Josh Ali

Profile
- Position: Wide receiver

Personal information
- Born: March 3, 1999 (age 26) Miami, Florida, U.S.
- Listed height: 6 ft 0 in (1.83 m)
- Listed weight: 200 lb (91 kg)

Career information
- High school: Chaminade-Madonna (FL)
- College: Kentucky
- NFL draft: 2022: undrafted

Career history
- Atlanta Falcons (2022–2023); Calgary Stampeders (2025)*; Saskatchewan Roughriders (2025)*;
- * Offseason and/or practice squad member only

Career NFL statistics
- Games played: 2
- Stats at Pro Football Reference
- Stats at CFL.ca

= Josh Ali =

American football player (born 1999)

Josh Ali (born March 3, 1999) is an American professional football wide receiver. He played college football at Kentucky and was signed by the Atlanta Falcons as an undrafted free agent in .

==Early life and education==
Ali was born on March 3, 1999, in Miami, Florida. He attended Chaminade-Madonna College Preparatory School and was a four-year starter in football, recording as a senior 43 receptions for 805 yards and five touchdowns. An all-state selection, Ali was a three-star recruit and elected to play college football at Kentucky over offers from UCF and Utah, as well as several other schools.

As a true freshman at Kentucky in 2017, Ali appeared in nine games and recorded five receptions for 25 yards. The following season, he caught 10 passes for 115 yards and scored his first collegiate touchdown. As a junior, Ali started 13 games and recorded 23 catches for 233 yards and three touchdowns. That season, he played a key role in the Wildcats' victory in the Belk Bowl, making a crucial fourth down reception and later scoring the game-winning touchdown with 15 seconds to play.

In the 2020 season, Ali appeared in 11 games and recorded 473 receiving yards and a touchdown off of 54 receptions. After being given an extra year of eligibility due to the COVID-19 pandemic, he opted to return to the team in 2021 for a fifth season. That year, he posted 601 receiving yards and three touchdowns on 41 catches while appearing in 10 games. Ali missed the final game of the season, the Citrus Bowl, after being involved in a car accident.

==Professional career==

Pre-draft measurables
| Height | Weight | Arm length | Hand span |
| 5 ft 11+3⁄8 in (1.81 m) | 191 lb (87 kg) | 31 in (0.79 m) | 8+3⁄8 in (0.21 m) |
All values from Pro Day

=== Atlanta Falcons ===
After going unselected in the 2022 NFL draft, Ali was invited to the rookie minicamp of the Atlanta Falcons, but was not initially signed. He received a tryout on August 25, and six days later was signed to the practice squad. Ali was elevated to the active roster for the Falcons' Week 17 game with the Arizona Cardinals, and made his NFL debut in the game. He signed a reserve/future contract on January 9, 2023.

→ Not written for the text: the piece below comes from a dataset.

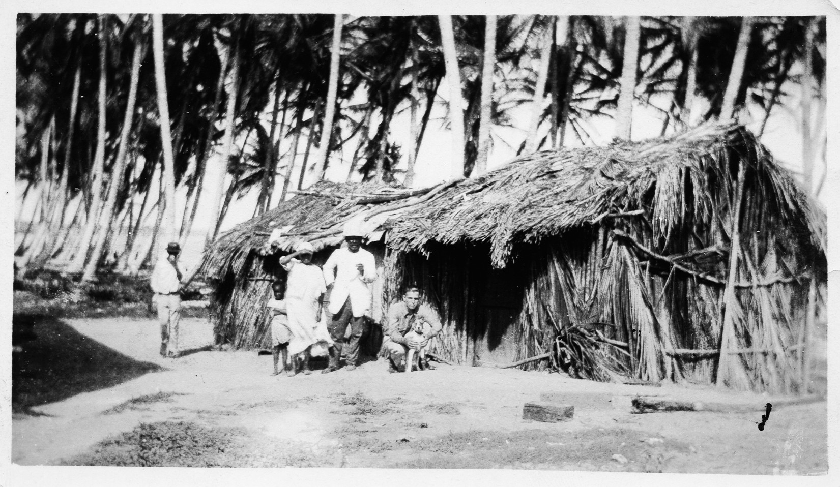 A house made with straw, locally known as 'bohío'. The 'bohíos' were a legacy of the native Taínos, and were the typical residence for most of the Dominicans prior the landfall of Hurricane San Zenón in 1930.

Ali made the team's final roster in 2023. He was placed on injured reserve on October 4, 2023.

On August 25, 2024, Ali was waived by the Falcons.

=== Calgary Stampeders ===
On February 19, 2025, Ali signed with the Calgary Stampeders of the Canadian Football League (CFL).

===Saskatchewan Roughriders===
On June 23, 2025, Ali was signed to the practice roster of the CFL's Saskatchewan Roughriders. He was released on September 9, 2025.

==Personal life==
Ali's father, Faheem, played college football at Louisiana Tech and later was in the Arena Football League (AFL). Ali began writing a children's book series in 2021.